E. What is the relationship between this proposed rule and other
combustion rules?
The proposed rule regulates source categories covering industrial
boilers, institutional boilers, commercial boilers, and process
heaters. These source categories potentially include combustion units
that are already regulated by other MACT standards. Therefore, we are
excluding from this proposed rule any boiler or process heater that is
subject to regulation under other MACT standards.
In 1986, EPA had codified new source performance standards (NSPS)
for industrial boilers (40 CFR part 60, subparts Db and Dc) and revised
portions of those standards in 1999 and 2006. The NSPS regulates
emissions of PM, SO2, and NOX from boilers
constructed after June 19, 1984. Sources subject to the NSPS will be
subject to the final CAA section 112(d) standards for boilers and
process heaters because it regulates sources of HAP while the NSPS do
not. However, in developing the proposed rule, we considered the
monitoring requirements, testing requirements, and recordkeeping
requirements of the NSPS to avoid duplicating requirements.
This proposed rule addresses the combustion of non-solid waste
materials in boilers and process heaters. If an owner or operator of an
affected source subject to these proposed standards were to start
combusting a solid waste (as defined by the Administrator under RCRA),
the affected source would cease to be subject to this action and would
instead be subject to regulation under CAA section 129. A rulemaking
under CAA section 129 is being proposed in a parallel action and is
relevant to this action because it would apply to boilers and process
heaters located at a major source that combust any solid waste. EPA is
taking comment on whether a boiler or process heater could then opt
back into regulation under this proposed rule by taking a federally
enforceable restriction precluding the future combustion of any solid
waste material.
F. What are the health effects of pollutants emitted from industrial/
commercial/institutional boilers and process heaters?
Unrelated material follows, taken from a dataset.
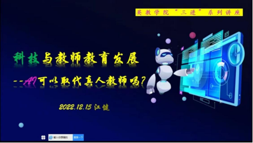 为深刻领会党的二十大报告中关于教育科技人才的重大部署,12月15日下午,SUNBET申博举办“三进”专题讲座活动,第三教学部教师江健以“科技与教师教育发展——AI可以取代真人教师吗?”为主题开展讲座,2022级英语师范系员工参与了此次活动。
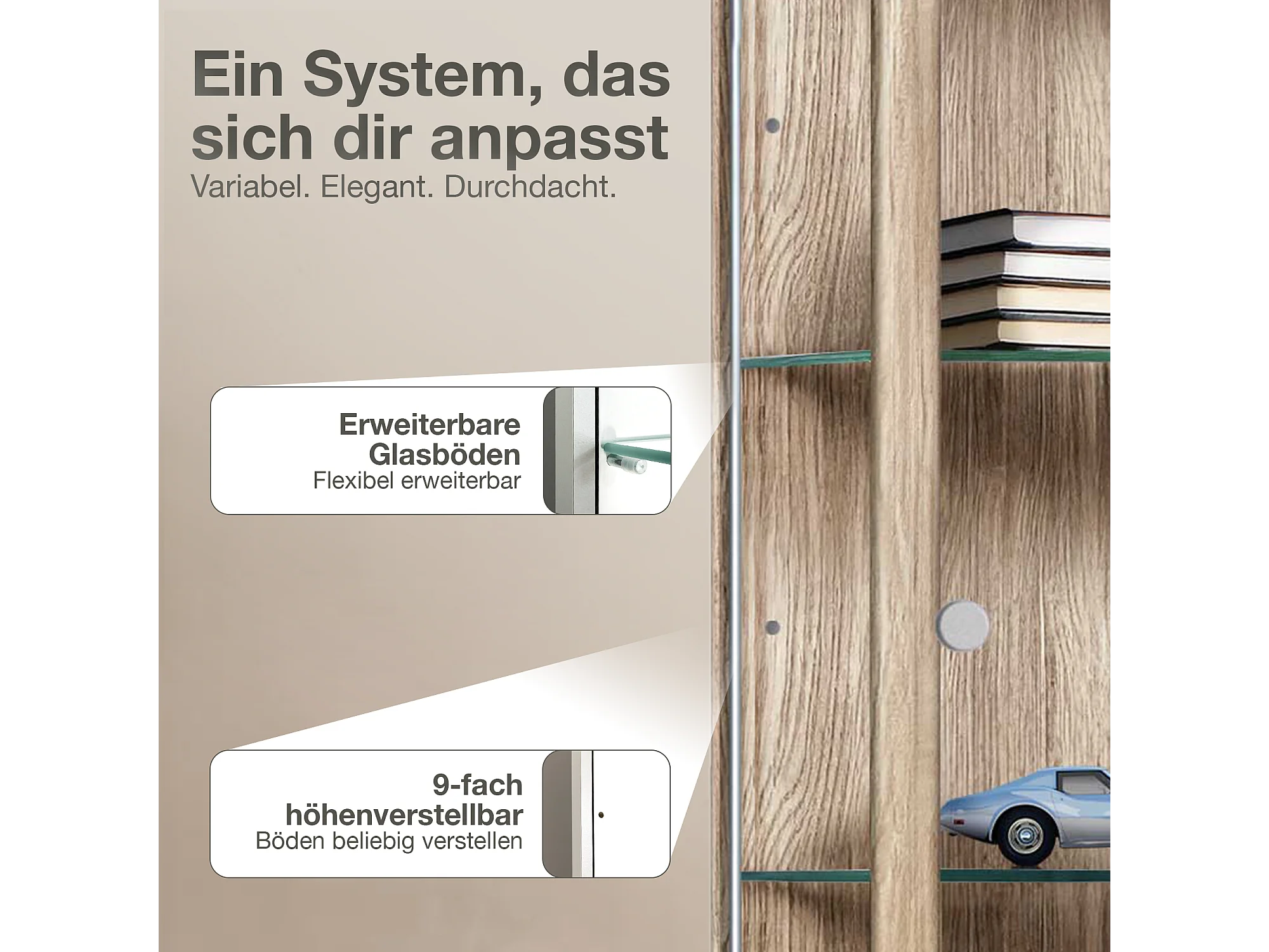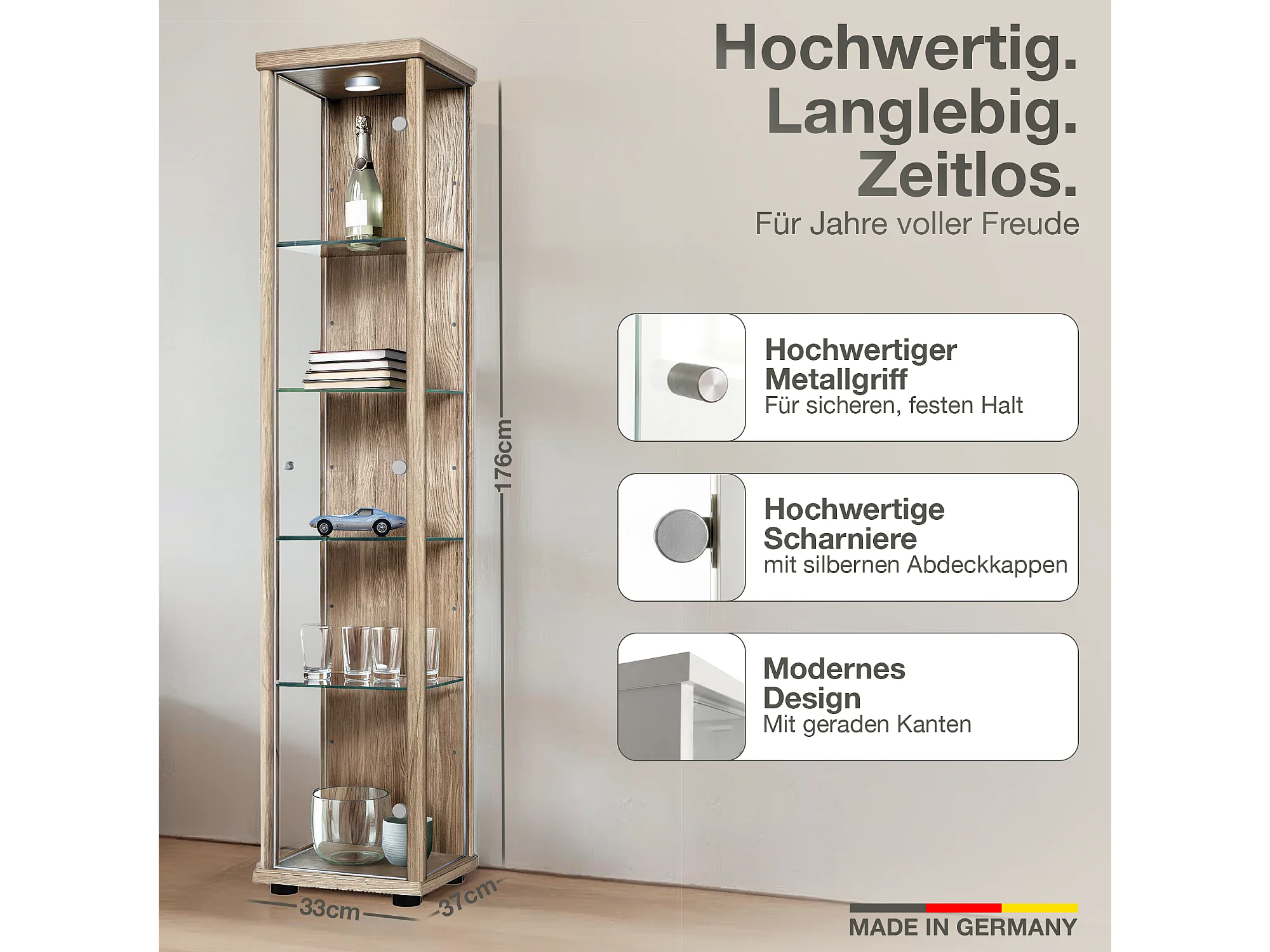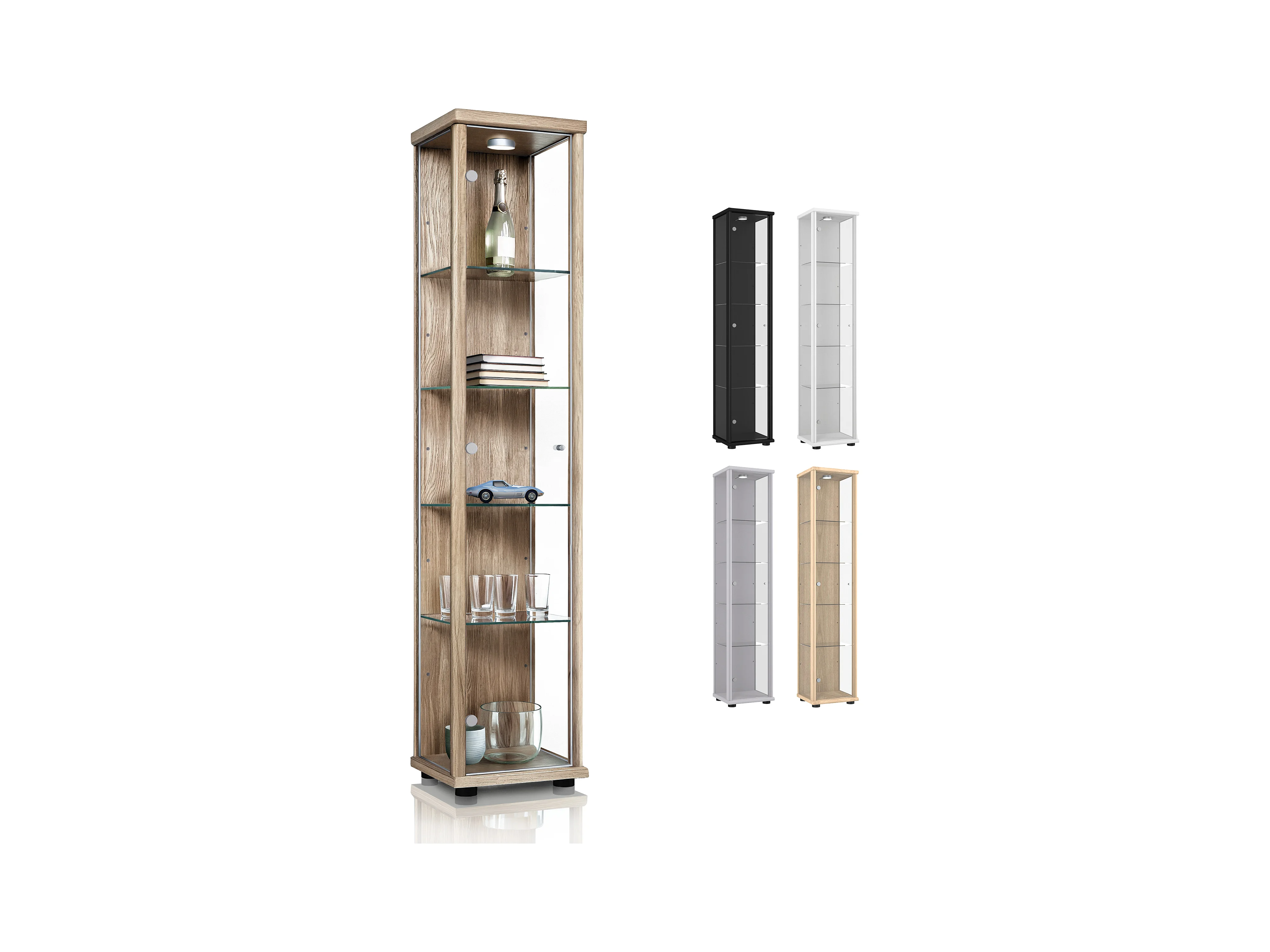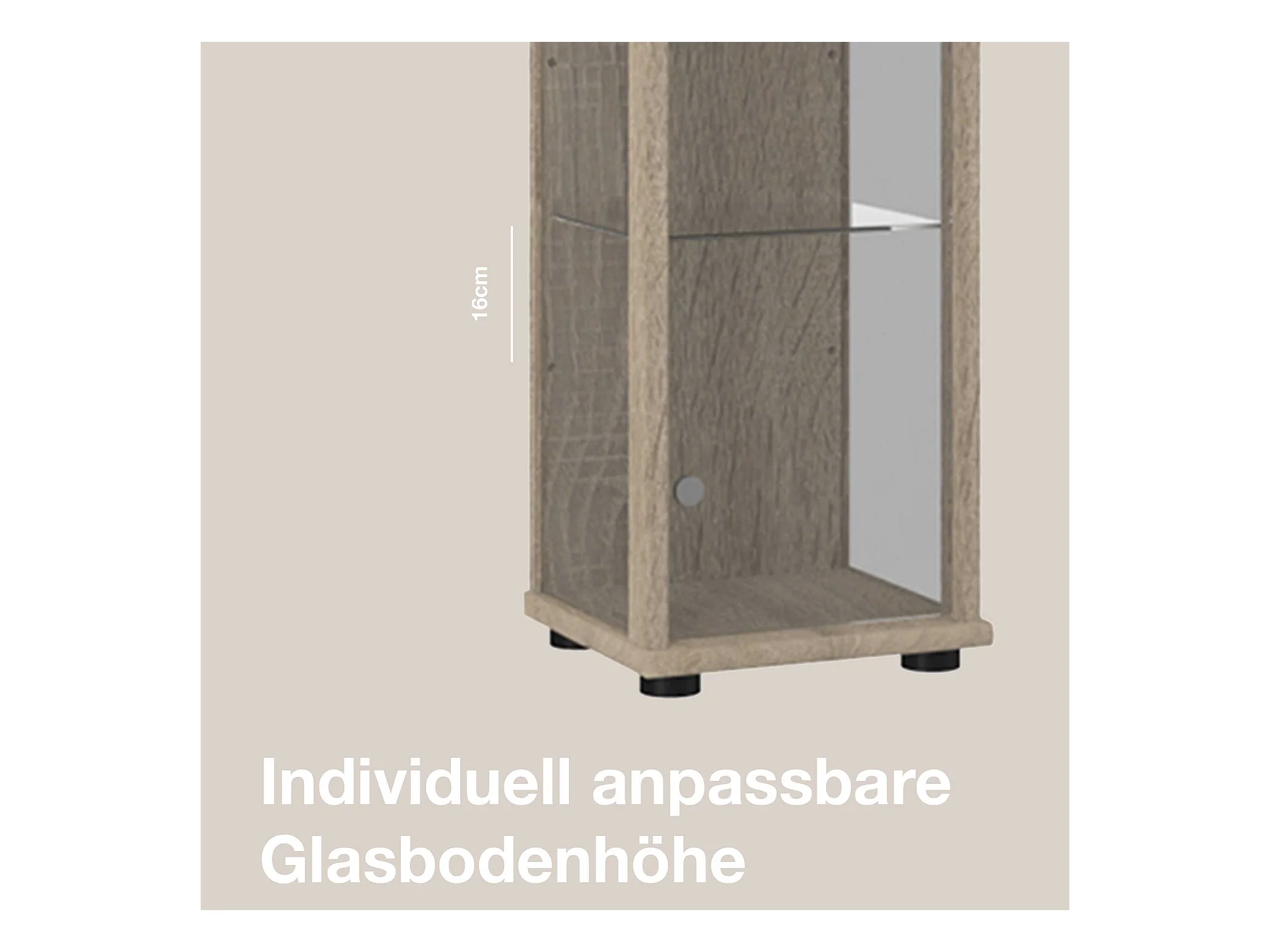 Standvitrine mit 1 Tür, 4 Höhenverstellbaren Glasböden - Mit LED-Beleuchtung- 176x37x33 cm - Sonoma Eiche

This proposed rule protects air quality and promotes the public
health by reducing emissions of some of the HAP listed in CAA section
112(b)(1). As noted above, emissions data collected during development
of the proposed rule show that hydrogen chloride emissions represent
the predominant HAP emitted by industrial, commercial, and
institutional (ICI) boilers, accounting for 61 percent of the total HAP
emissions.\1\ ICI boilers and process heaters also emit lesser amounts
of hydrogen fluoride, accounting for about 17 percent of total HAP
emissions, and metals (arsenic, cadmium, chromium, mercury, manganese,
nickel, and lead) accounting for about 6 percent of total HAP
emissions. Organic HAP (formaldehyde, POM, acetaldehyde, benzene)
account for about 15 percent of total HAP emissions. Exposure to these
HAP, depending on exposure duration and levels of exposures, can be
associated with a variety of adverse health effects. These adverse
health effects may include, for example, irritation of the lung, skin,
and mucus membranes, effects on the central nervous system, damage to
the kidneys, and alimentary effects such as nausea and vomiting. We
have classified two of the HAP as human carcinogens (arsenic and
chromium VI) and four as probable human carcinogens (cadmium, lead,
dioxins/furans, and nickel). We do not know the extent to which the
adverse health effects described above occur in the populations
surrounding these facilities. However, to the extent the adverse
effects do occur, this proposed rule would reduce emissions and
subsequent exposures.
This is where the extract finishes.